### WORK INSTRUCTION
The expected answer is the set of lines in the data below between the line holding "今回のイベントでは『デジモン" and the line holding "Бійка сталася в", inclusive, written out exactly.

### INFORMATION GIVEN
------------

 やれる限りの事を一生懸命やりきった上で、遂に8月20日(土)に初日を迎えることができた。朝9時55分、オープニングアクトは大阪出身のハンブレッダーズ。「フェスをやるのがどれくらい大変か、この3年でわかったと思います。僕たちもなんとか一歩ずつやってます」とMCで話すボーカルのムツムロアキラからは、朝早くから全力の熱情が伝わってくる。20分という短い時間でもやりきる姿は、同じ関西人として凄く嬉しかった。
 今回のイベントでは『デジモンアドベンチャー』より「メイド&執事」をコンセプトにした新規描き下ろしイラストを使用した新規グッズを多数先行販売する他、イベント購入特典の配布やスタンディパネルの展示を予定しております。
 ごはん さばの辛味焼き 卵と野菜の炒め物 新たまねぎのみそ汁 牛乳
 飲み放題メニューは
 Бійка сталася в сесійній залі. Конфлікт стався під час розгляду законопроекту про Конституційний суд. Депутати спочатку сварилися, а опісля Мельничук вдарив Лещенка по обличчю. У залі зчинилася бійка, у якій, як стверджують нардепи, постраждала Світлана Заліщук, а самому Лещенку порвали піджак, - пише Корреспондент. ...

------------

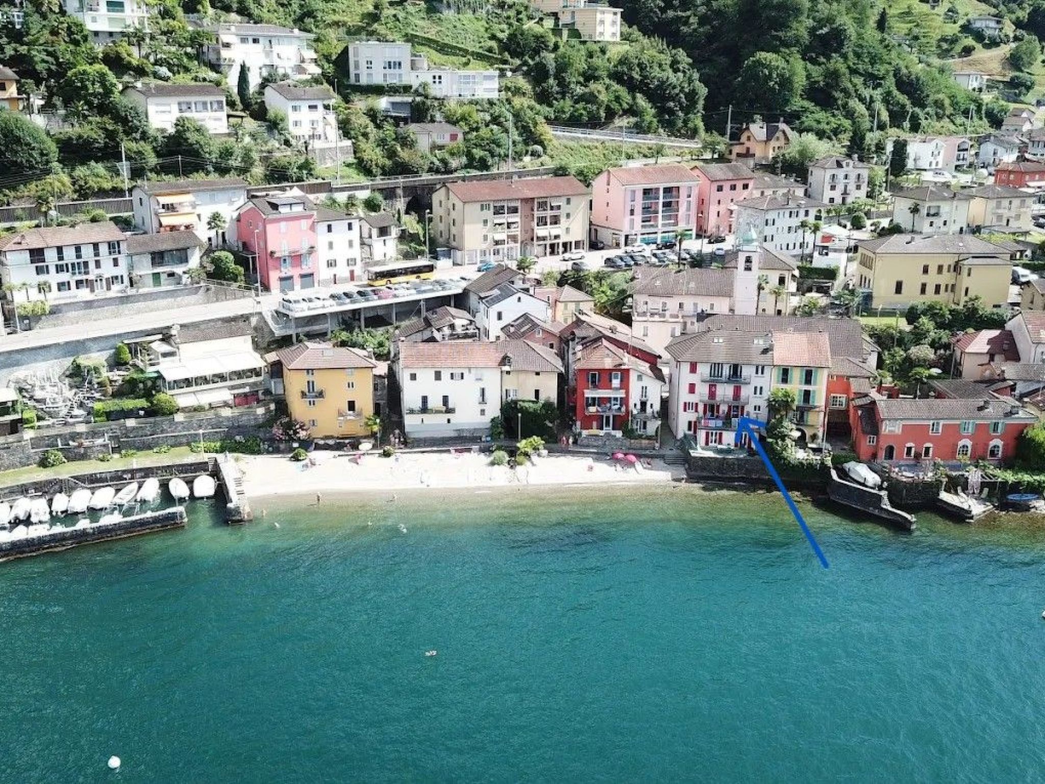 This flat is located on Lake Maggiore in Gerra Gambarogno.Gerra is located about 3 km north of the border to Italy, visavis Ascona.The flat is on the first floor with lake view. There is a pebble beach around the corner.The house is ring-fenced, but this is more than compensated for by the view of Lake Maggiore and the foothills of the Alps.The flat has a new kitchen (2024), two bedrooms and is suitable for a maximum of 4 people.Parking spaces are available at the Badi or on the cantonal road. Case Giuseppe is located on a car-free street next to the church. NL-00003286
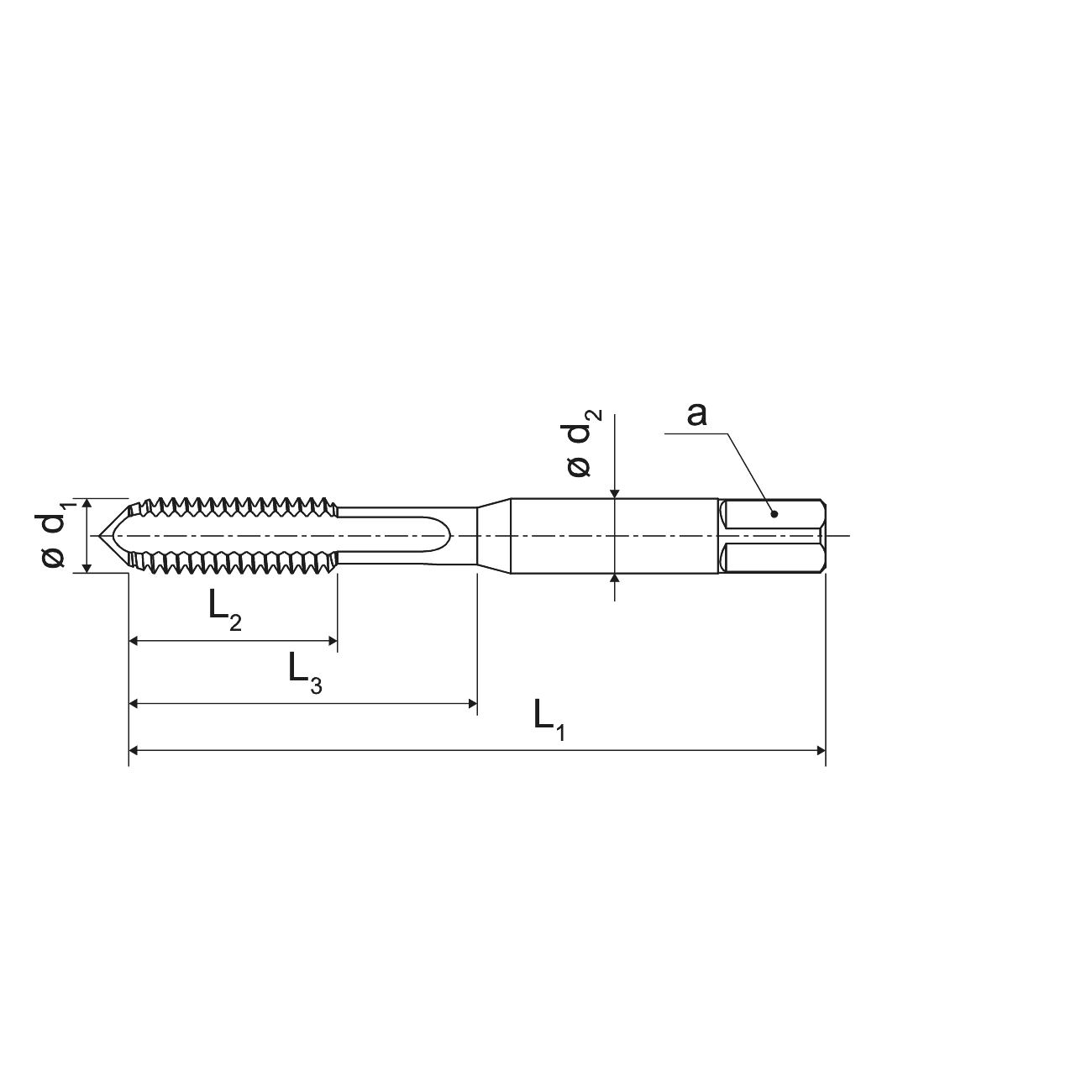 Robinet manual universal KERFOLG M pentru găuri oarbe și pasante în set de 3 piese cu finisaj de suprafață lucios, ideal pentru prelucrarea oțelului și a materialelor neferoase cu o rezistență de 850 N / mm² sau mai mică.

------------

### ANSWER BOX
 今回のイベントでは『デジモンアドベンチャー』より「メイド&執事」をコンセプトにした新規描き下ろしイラストを使用した新規グッズを多数先行販売する他、イベント購入特典の配布やスタンディパネルの展示を予定しております。
 ごはん さばの辛味焼き 卵と野菜の炒め物 新たまねぎのみそ汁 牛乳
 飲み放題メニューは
 Бійка сталася в сесійній залі. Конфлікт стався під час розгляду законопроекту про Конституційний суд. Депутати спочатку сварилися, а опісля Мельничук вдарив Лещенка по обличчю. У залі зчинилася бійка, у якій, як стверджують нардепи, постраждала Світлана Заліщук, а самому Лещенку порвали піджак, - пише Корреспондент. ...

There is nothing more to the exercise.